ACTIVITY -
Going down the listing below, print exactly each line from the one with "Золотистая картошечка с" up to and including the one with "办公室设计是在混凝土原始建筑内完成的 以暖色调作为对比", and skip the rest.

BEGIN DATA

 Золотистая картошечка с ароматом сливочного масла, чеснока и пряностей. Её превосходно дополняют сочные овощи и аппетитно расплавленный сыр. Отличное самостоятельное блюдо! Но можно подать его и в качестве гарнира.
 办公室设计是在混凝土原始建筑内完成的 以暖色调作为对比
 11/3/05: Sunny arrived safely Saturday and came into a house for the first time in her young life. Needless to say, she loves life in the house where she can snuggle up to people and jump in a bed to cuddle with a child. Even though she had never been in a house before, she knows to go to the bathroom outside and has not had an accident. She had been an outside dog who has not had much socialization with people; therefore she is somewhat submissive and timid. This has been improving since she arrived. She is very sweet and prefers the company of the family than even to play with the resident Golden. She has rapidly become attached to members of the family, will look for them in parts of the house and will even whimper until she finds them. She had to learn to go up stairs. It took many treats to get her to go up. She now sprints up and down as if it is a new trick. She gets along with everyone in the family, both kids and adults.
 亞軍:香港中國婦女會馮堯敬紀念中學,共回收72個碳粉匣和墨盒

END DATA
BEGIN DATA

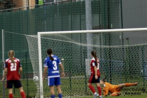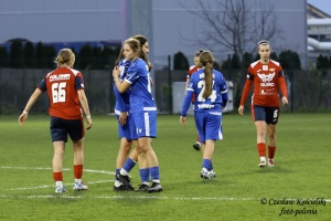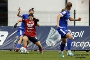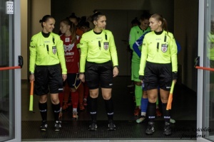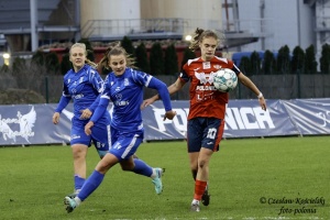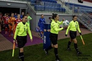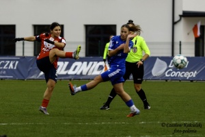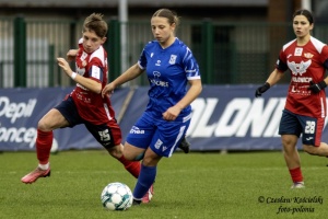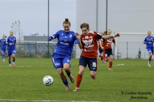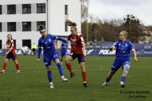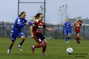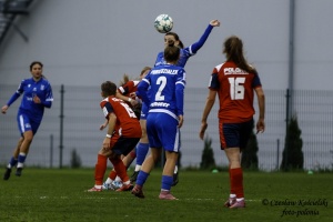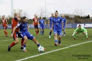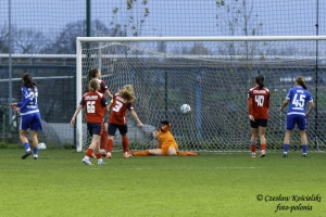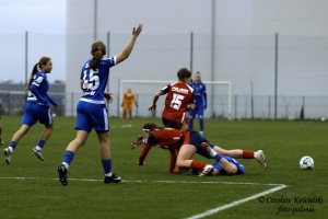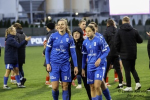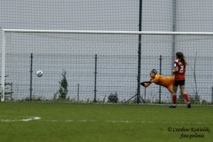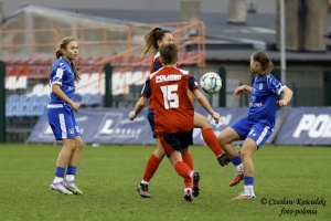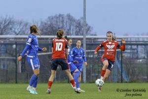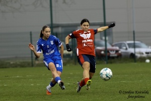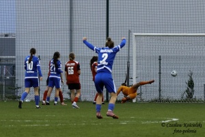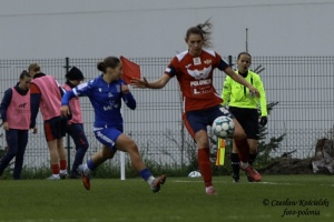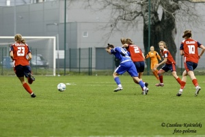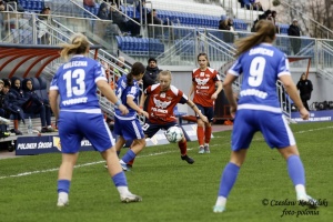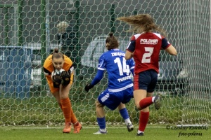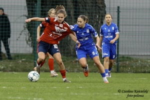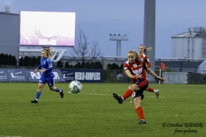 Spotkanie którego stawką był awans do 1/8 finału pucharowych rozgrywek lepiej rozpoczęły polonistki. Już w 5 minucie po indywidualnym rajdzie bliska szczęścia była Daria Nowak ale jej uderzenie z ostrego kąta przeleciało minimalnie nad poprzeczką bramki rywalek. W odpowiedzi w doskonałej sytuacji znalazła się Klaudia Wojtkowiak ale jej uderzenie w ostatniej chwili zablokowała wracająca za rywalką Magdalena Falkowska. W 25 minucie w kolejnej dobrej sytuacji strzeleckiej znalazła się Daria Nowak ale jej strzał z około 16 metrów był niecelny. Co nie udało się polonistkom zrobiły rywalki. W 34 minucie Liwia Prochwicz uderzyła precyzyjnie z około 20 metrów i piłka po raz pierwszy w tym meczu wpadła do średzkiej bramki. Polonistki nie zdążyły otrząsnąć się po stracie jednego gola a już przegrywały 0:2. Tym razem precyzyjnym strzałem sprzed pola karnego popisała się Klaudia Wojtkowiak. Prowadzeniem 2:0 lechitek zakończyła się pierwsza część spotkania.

END DATA
BEGIN DATA

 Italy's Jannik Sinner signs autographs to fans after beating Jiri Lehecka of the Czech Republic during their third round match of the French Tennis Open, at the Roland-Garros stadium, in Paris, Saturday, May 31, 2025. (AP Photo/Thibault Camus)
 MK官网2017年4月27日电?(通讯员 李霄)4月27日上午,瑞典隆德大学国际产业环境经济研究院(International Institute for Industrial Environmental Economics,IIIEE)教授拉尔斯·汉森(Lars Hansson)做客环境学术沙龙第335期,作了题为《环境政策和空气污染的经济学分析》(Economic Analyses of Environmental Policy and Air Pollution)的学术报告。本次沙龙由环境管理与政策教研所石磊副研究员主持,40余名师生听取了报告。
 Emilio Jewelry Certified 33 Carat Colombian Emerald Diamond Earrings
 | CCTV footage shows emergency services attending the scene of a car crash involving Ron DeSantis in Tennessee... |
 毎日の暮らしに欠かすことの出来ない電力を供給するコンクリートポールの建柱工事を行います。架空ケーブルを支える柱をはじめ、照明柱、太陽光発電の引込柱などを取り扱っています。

END DATA

RESULT OF THIS TASK -
 Золотистая картошечка с ароматом сливочного масла, чеснока и пряностей. Её превосходно дополняют сочные овощи и аппетитно расплавленный сыр. Отличное самостоятельное блюдо! Но можно подать его и в качестве гарнира.
 办公室设计是在混凝土原始建筑内完成的 以暖色调作为对比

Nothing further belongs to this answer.